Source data

..............................

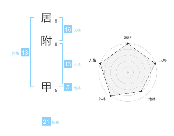 居附 甲さんの総格は21画の5点!
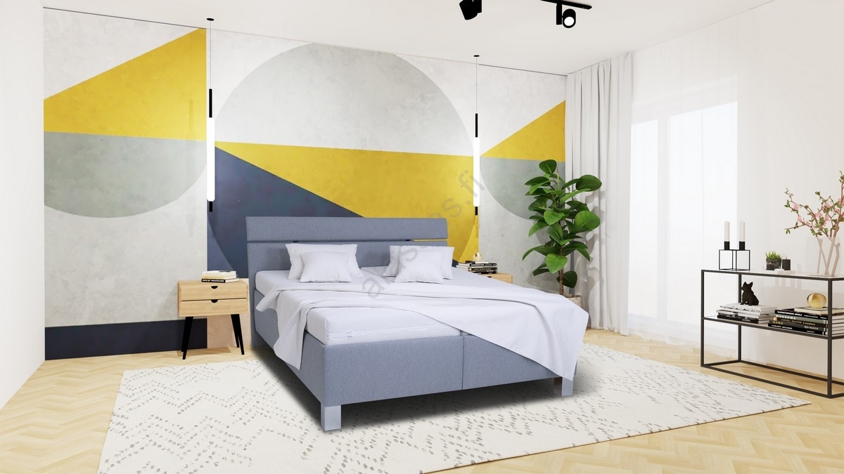 • Mukava jaettu sängynpääty - verhoiltu miellyttävällä kankaalla ja polyuretaanivaahdolla pehmeyttä ja mukavuutta varten, ihanteellinen esimerkiksi lukemiseen.
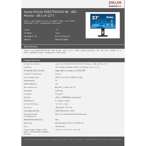 Iiyama ProLite XUB2792UHSU-B6 - LED-Monitor - 68.5 cm (27")
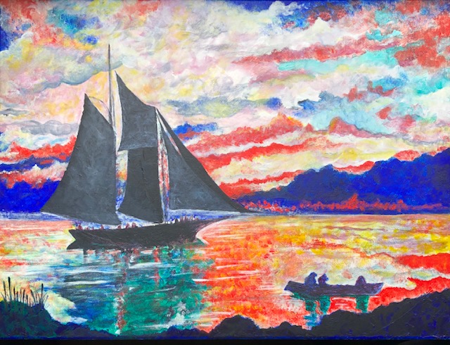 Eric Stone; Winslow’s Water, 2020; Acrylic on Recycled Canvas; 18 x 24″; Painting
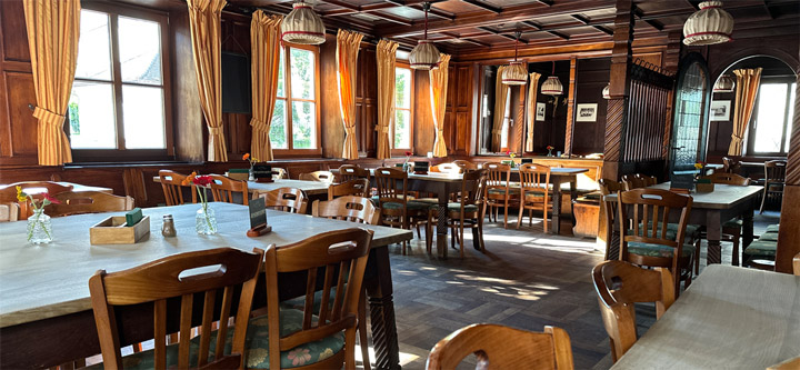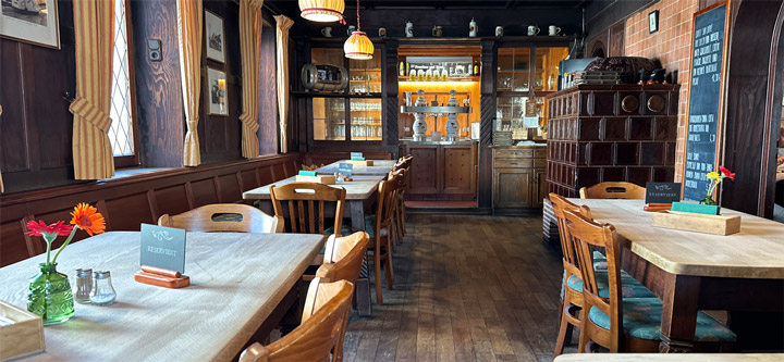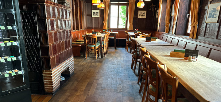 …wurde erstmals 1946 eingerichtete und bis heute im ursprünglichen Zustand erhalten, was sie zu einem besonderen Denkmal vergangener Jahrzehnte macht. Der Kachelofen ist ein handgefertigtes Einzelstück mit aufwendig bemalten Kacheln. Diese zeigen Braumotive und das Zunftzeichen der Brauer.
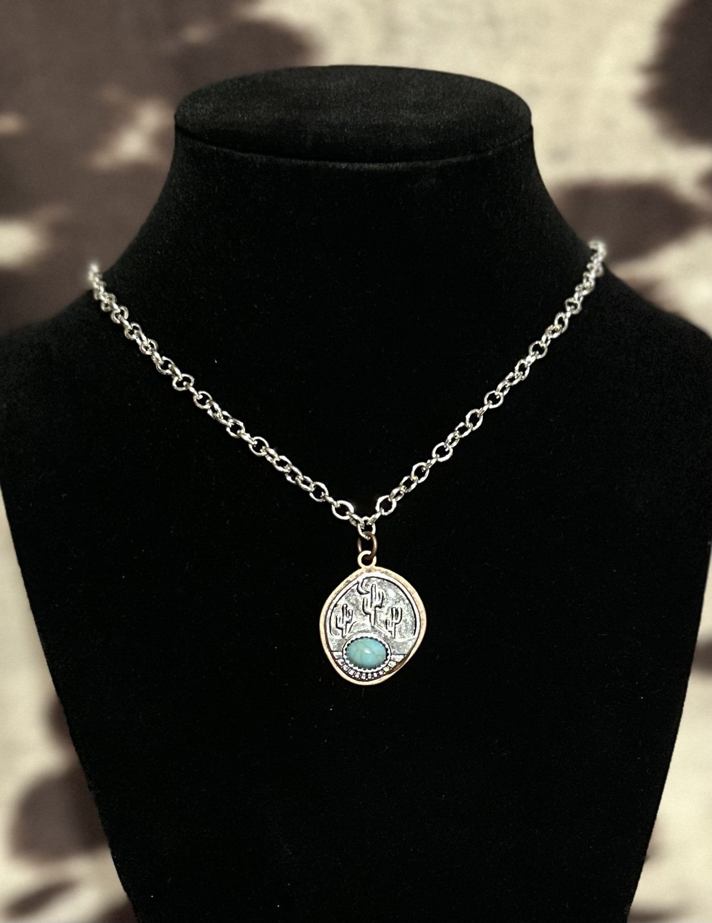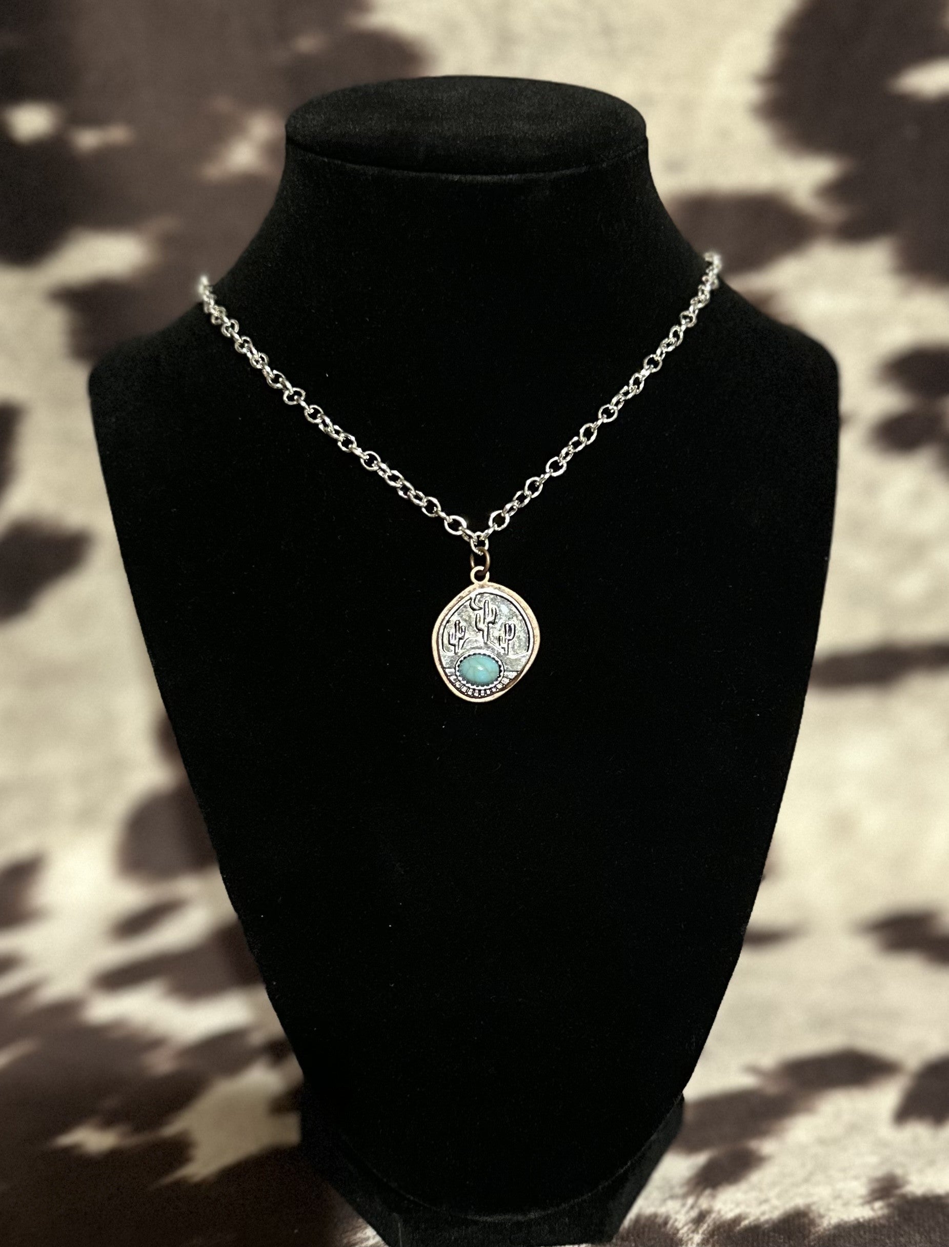 Necklace: Round cactus pendant with turquoise bead on a durable silver-tone chain

..............................

WHAT YOU ARE ASKED TO DO: Return word for word the line bearing "ihanteellinen esimerkiksi lukemiseen." and every later line of the entries, but none of the pictures.

SOLUTION:
 • Mukava jaettu sängynpääty - verhoiltu miellyttävällä kankaalla ja polyuretaanivaahdolla pehmeyttä ja mukavuutta varten, ihanteellinen esimerkiksi lukemiseen.
 Iiyama ProLite XUB2792UHSU-B6 - LED-Monitor - 68.5 cm (27")
 Eric Stone; Winslow’s Water, 2020; Acrylic on Recycled Canvas; 18 x 24″; Painting
 …wurde erstmals 1946 eingerichtete und bis heute im ursprünglichen Zustand erhalten, was sie zu einem besonderen Denkmal vergangener Jahrzehnte macht. Der Kachelofen ist ein handgefertigtes Einzelstück mit aufwendig bemalten Kacheln. Diese zeigen Braumotive und das Zunftzeichen der Brauer.
 Necklace: Round cactus pendant with turquoise bead on a durable silver-tone chain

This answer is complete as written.